Слабея, он дрожит, больной и снежно-белый.
Затем, собрав с трудом остаток прежних сил,
Сжал руки сыновьям рукой оледенелой.

И Санхо: «Больно мне, — в смущенье возгласил,—
Пусти!» — Альфонсо вслед: «Покорствуя измлада,
Какой виной, отец, я кару заслужил?»  

Манрико ж: «Господи, я слышу муки ада:
Ты ногти мне вонзил в ладони до кости!»
Диего сыновей не удостоил взгляда.

Бессильный в руки их свой жар перенести,
Он к младшему идет, отчаяньем спаленный,
Готовый прошептать: «Навеки, месть, прости!..»

Он к младшему идет и с силой исступленной,
Объятья грозные пред мальчиком раскрыв,
Стремится сокрушить сосуд незакаленный.

Он руки хрупкие — слабеющий порыв! —
С надеждой слабою меж пальцев зажимает:
Рюи стоит пред ним, очей не опустив.

Трепещут, мускулы, в глазах огонь пылает,
Как сталь, ужасные смыкаются тиски,
И крик в устах Рюи с хрипеньем замирает.

«Отец мой, если ты не выпустишь руки,
Клянусь, я в грудь тебе вопьюсь без сожаленья
И печень изорву зубами на куски!»

И старец слезы льет, исполнен умиленья.
«О, сын моей души, Родриго дорогой,
Ты воскресил меня порывом исступленья!»

И сыну он открыл с пылающей тоской,
Как гордый граф3 ему нанес удар позорный.
Затем он обнажил дрожащею рукой

Заветный свой клинок с насечкою узорной
И, набожно к устам приблизив рукоять,
Благословил Рюи на подвиг ратоборный.

«Восстань, Рюи Диац, и выступи на рать,
И пусть твоя рука сменит мой бранный холод:
Наш род повержен в прах, иди его поднять».

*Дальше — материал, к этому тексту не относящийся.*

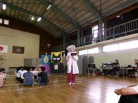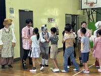 演劇後にはワークショップを行い、口の体操として早口言葉を練習したり、音楽に合わせて左右手足を動かすリトミックをみんなで行いました。
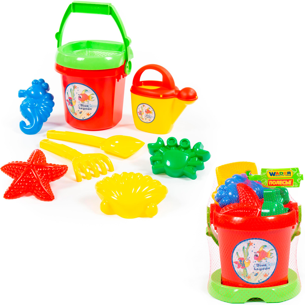 Набор №414: ведро №9, сито №9, лопатка №31, грабельки №31, формочки, лейка №10

И граф был через час рукой Рюи заколот.

 

МЕСТЬ ДИЕГО ЛАИНЕЦА

В тот вечер за столом Диего Лаинец
Сидел с вассалами немой, с недвижным взглядом,
При тусклом блеске свеч бледнея, как мертвец.
 
И трое сыновей сидело тут же рядом.
Он ждал: ужель Рюи погибнуть суждено?..
И в грудь его тоска вливалась смертным ядом...

В серебряных ковшах горит огнем вино,
И кортик стольника лишь ждет распоряженья,
Но блюда пышных яств стоят, застыв давно,

И старый гранд сидит, затихнув без движенья.
Не видя трапезы, он «резать» не сказал.
Он мыслью далеко: он слышит шум сраженья.

Никто безмолвия нарушить не дерзал,
И, сидя за столом безгласно бледным хором,
Не тронул яств ни сын, ни рыцарь, ни вассал.

Куда бежать картин, представших слабым взорам!
Сомкнуть глаза... Все, все погибло навсегда.
Родриго пал, а он... он жив с своим позором...

Он жив для вечного бесчестья и стыда,
И тени прадедов, не ведавших упрека,
Швырнут ему упрек в день Страшного Суда.

Сраженное рукой безжалостного рока,
Где имя гордое, достойное царей? ..
Мертво... И мертв Рюи, сраженный раньше срока...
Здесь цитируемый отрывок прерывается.